What is being asked:
Return the data exactly, apart from leaving out the pictures.

+++++

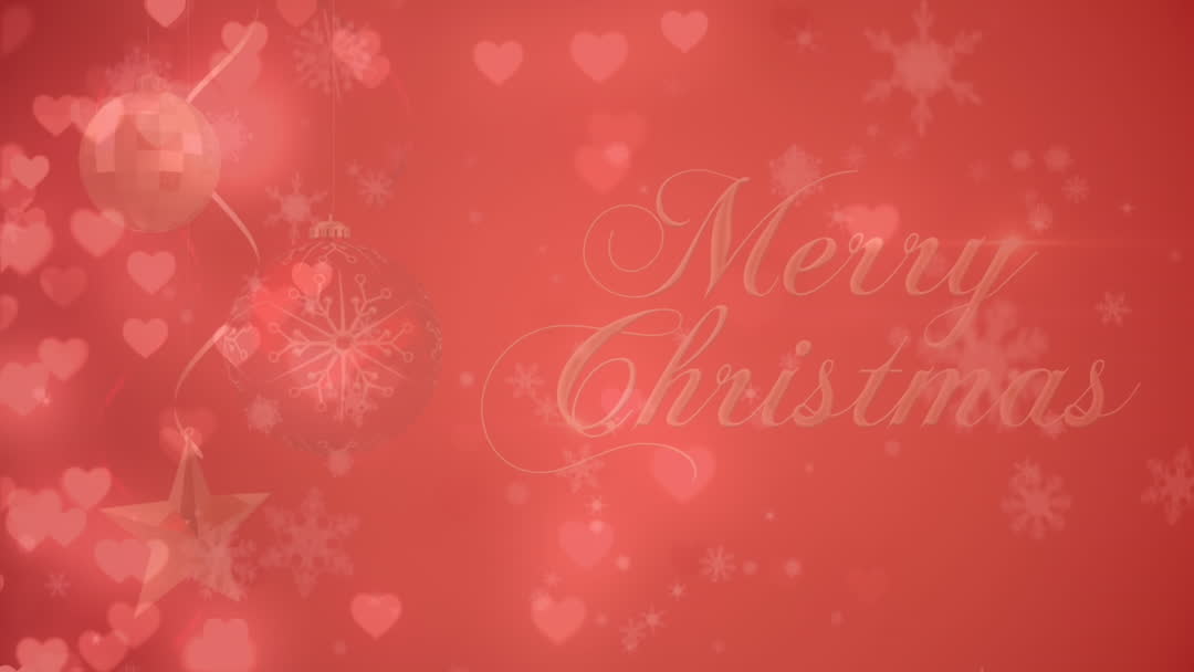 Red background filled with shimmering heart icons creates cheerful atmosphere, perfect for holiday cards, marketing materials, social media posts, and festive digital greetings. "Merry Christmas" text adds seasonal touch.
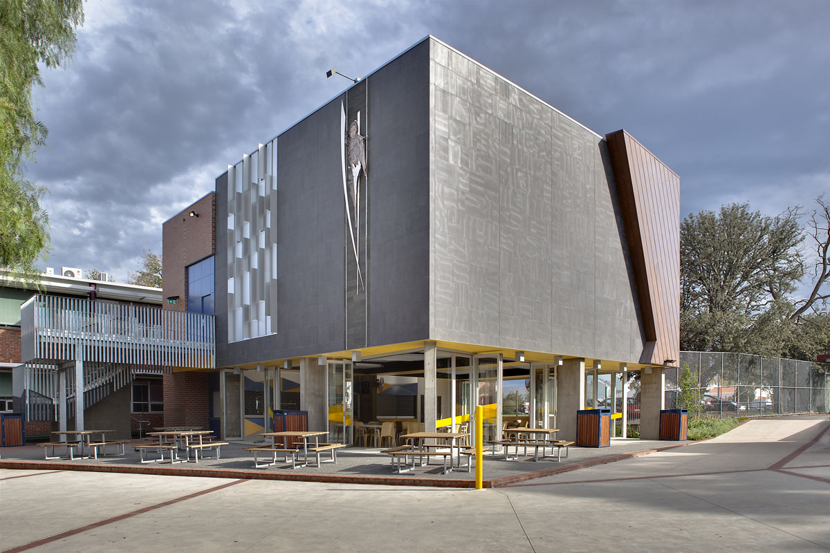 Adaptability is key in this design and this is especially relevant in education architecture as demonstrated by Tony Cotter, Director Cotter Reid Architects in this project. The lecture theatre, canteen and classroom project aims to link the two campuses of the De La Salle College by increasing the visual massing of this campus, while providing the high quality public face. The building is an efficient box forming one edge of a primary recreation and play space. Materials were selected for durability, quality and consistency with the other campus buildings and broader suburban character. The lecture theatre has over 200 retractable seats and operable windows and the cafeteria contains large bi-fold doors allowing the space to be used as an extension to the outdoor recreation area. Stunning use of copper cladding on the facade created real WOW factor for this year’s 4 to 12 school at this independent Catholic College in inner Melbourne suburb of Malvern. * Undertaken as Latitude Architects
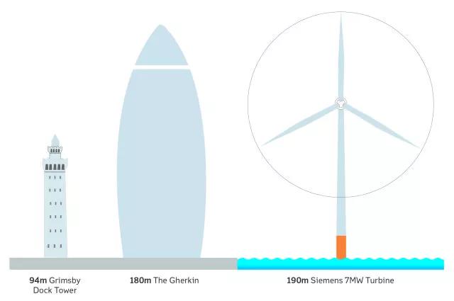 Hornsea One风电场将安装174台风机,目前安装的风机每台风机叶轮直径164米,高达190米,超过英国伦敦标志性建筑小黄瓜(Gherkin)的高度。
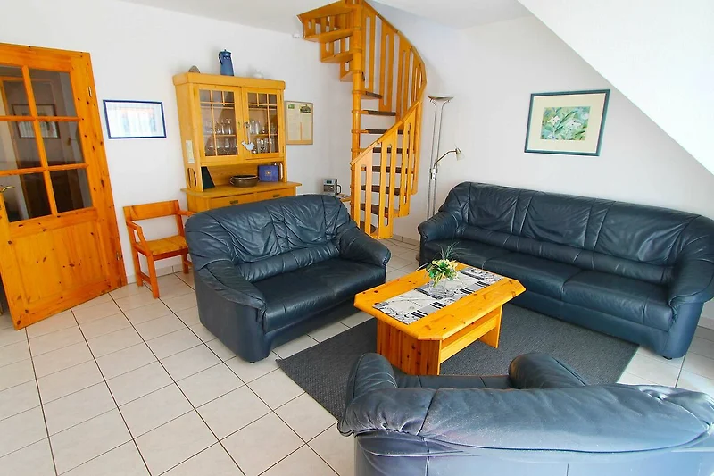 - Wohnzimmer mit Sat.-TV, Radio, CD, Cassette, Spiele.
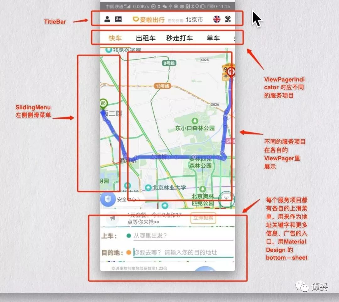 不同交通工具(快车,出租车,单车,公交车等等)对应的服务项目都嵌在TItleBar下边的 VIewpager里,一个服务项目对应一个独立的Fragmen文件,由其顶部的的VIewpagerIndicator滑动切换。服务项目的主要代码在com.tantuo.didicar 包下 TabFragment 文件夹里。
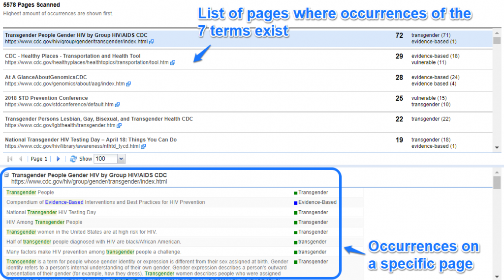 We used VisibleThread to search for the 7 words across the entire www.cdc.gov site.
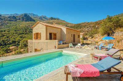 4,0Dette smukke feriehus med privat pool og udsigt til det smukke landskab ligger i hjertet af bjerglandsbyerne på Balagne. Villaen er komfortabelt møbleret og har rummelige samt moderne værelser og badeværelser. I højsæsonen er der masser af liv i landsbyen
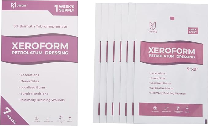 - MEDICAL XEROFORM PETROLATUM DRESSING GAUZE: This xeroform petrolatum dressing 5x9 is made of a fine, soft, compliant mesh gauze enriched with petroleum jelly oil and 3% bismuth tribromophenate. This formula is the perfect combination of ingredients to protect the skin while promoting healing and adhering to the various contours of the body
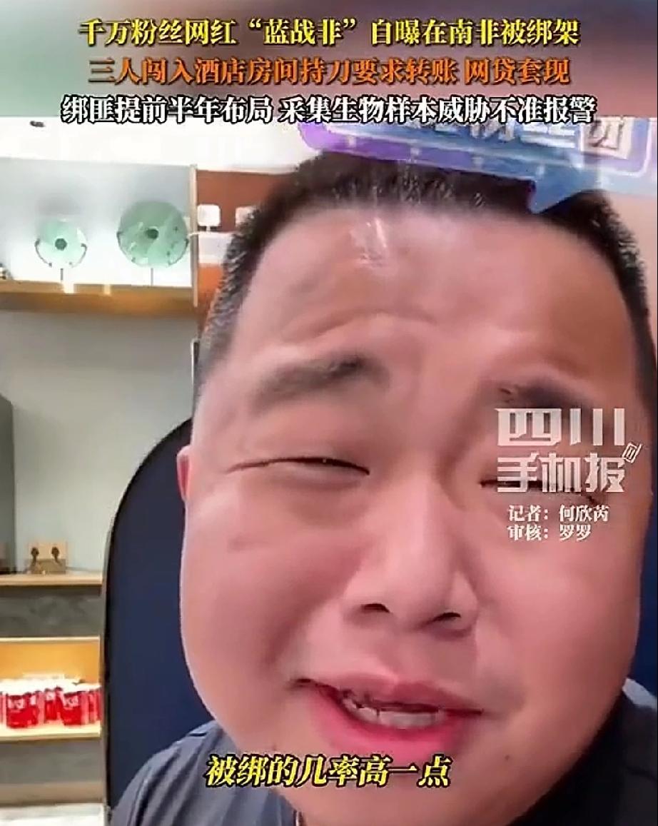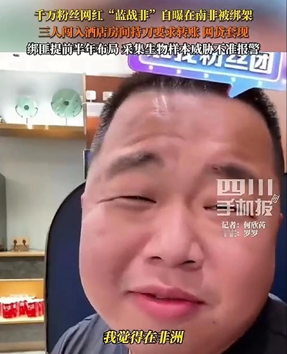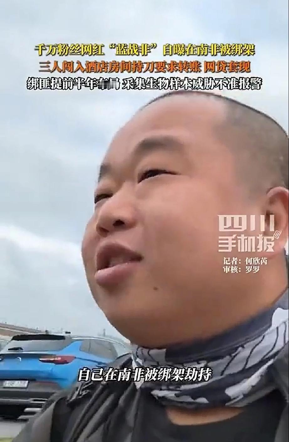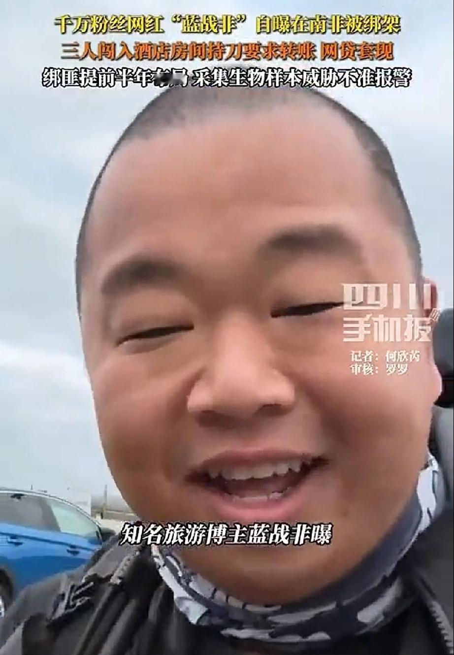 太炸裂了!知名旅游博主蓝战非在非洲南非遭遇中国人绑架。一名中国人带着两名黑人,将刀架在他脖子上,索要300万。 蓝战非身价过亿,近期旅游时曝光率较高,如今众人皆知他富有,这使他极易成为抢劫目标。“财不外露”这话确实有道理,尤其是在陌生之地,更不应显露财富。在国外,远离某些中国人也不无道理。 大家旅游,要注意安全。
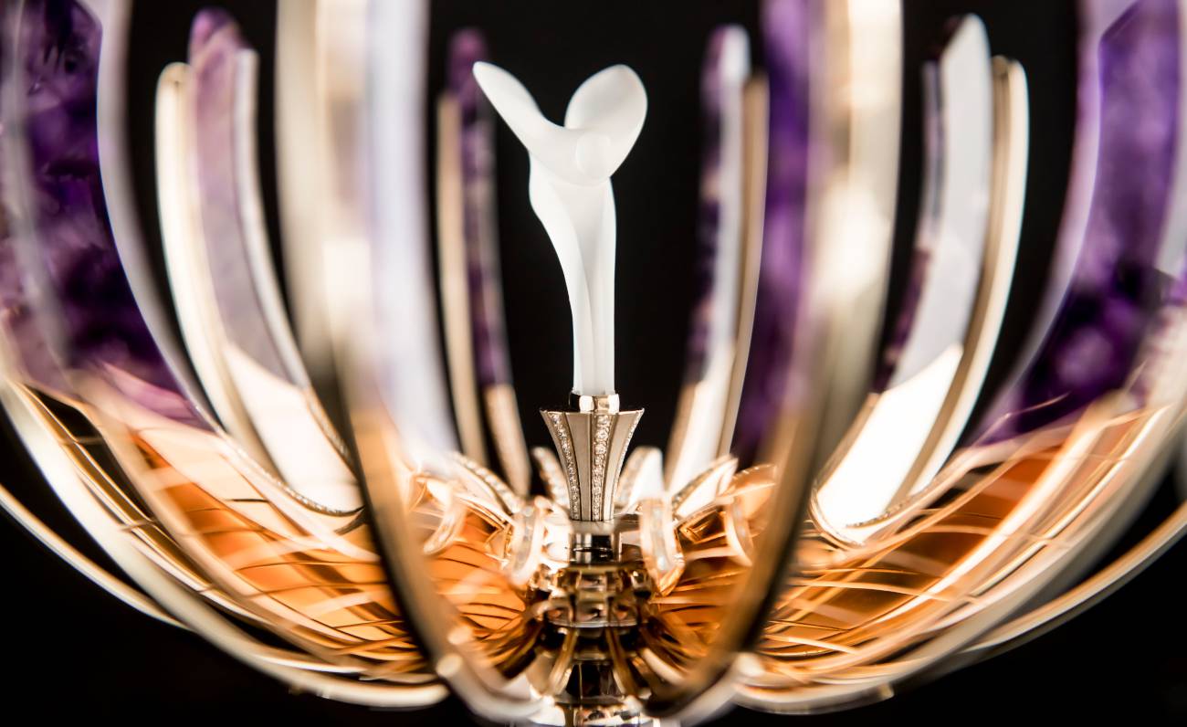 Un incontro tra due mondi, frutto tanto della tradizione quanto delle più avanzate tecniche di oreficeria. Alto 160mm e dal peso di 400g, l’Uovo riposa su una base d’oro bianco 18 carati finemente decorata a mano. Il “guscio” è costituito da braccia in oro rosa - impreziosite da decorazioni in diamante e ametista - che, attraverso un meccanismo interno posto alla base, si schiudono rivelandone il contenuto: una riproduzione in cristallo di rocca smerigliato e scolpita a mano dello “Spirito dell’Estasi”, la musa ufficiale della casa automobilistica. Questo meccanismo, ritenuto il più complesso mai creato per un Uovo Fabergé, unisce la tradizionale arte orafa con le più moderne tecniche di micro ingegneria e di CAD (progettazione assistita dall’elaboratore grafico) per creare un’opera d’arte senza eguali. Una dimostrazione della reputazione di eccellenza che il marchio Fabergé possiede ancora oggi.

+++++

Output below:
 Red background filled with shimmering heart icons creates cheerful atmosphere, perfect for holiday cards, marketing materials, social media posts, and festive digital greetings. "Merry Christmas" text adds seasonal touch.
 Adaptability is key in this design and this is especially relevant in education architecture as demonstrated by Tony Cotter, Director Cotter Reid Architects in this project. The lecture theatre, canteen and classroom project aims to link the two campuses of the De La Salle College by increasing the visual massing of this campus, while providing the high quality public face. The building is an efficient box forming one edge of a primary recreation and play space. Materials were selected for durability, quality and consistency with the other campus buildings and broader suburban character. The lecture theatre has over 200 retractable seats and operable windows and the cafeteria contains large bi-fold doors allowing the space to be used as an extension to the outdoor recreation area. Stunning use of copper cladding on the facade created real WOW factor for this year’s 4 to 12 school at this independent Catholic College in inner Melbourne suburb of Malvern. * Undertaken as Latitude Architects
 Hornsea One风电场将安装174台风机,目前安装的风机每台风机叶轮直径164米,高达190米,超过英国伦敦标志性建筑小黄瓜(Gherkin)的高度。
 - Wohnzimmer mit Sat.-TV, Radio, CD, Cassette, Spiele.
 不同交通工具(快车,出租车,单车,公交车等等)对应的服务项目都嵌在TItleBar下边的 VIewpager里,一个服务项目对应一个独立的Fragmen文件,由其顶部的的VIewpagerIndicator滑动切换。服务项目的主要代码在com.tantuo.didicar 包下 TabFragment 文件夹里。
 We used VisibleThread to search for the 7 words across the entire www.cdc.gov site.
 4,0Dette smukke feriehus med privat pool og udsigt til det smukke landskab ligger i hjertet af bjerglandsbyerne på Balagne. Villaen er komfortabelt møbleret og har rummelige samt moderne værelser og badeværelser. I højsæsonen er der masser af liv i landsbyen
 - MEDICAL XEROFORM PETROLATUM DRESSING GAUZE: This xeroform petrolatum dressing 5x9 is made of a fine, soft, compliant mesh gauze enriched with petroleum jelly oil and 3% bismuth tribromophenate. This formula is the perfect combination of ingredients to protect the skin while promoting healing and adhering to the various contours of the body
 太炸裂了!知名旅游博主蓝战非在非洲南非遭遇中国人绑架。一名中国人带着两名黑人,将刀架在他脖子上,索要300万。 蓝战非身价过亿,近期旅游时曝光率较高,如今众人皆知他富有,这使他极易成为抢劫目标。“财不外露”这话确实有道理,尤其是在陌生之地,更不应显露财富。在国外,远离某些中国人也不无道理。 大家旅游,要注意安全。
 Un incontro tra due mondi, frutto tanto della tradizione quanto delle più avanzate tecniche di oreficeria. Alto 160mm e dal peso di 400g, l’Uovo riposa su una base d’oro bianco 18 carati finemente decorata a mano. Il “guscio” è costituito da braccia in oro rosa - impreziosite da decorazioni in diamante e ametista - che, attraverso un meccanismo interno posto alla base, si schiudono rivelandone il contenuto: una riproduzione in cristallo di rocca smerigliato e scolpita a mano dello “Spirito dell’Estasi”, la musa ufficiale della casa automobilistica. Questo meccanismo, ritenuto il più complesso mai creato per un Uovo Fabergé, unisce la tradizionale arte orafa con le più moderne tecniche di micro ingegneria e di CAD (progettazione assistita dall’elaboratore grafico) per creare un’opera d’arte senza eguali. Una dimostrazione della reputazione di eccellenza che il marchio Fabergé possiede ancora oggi.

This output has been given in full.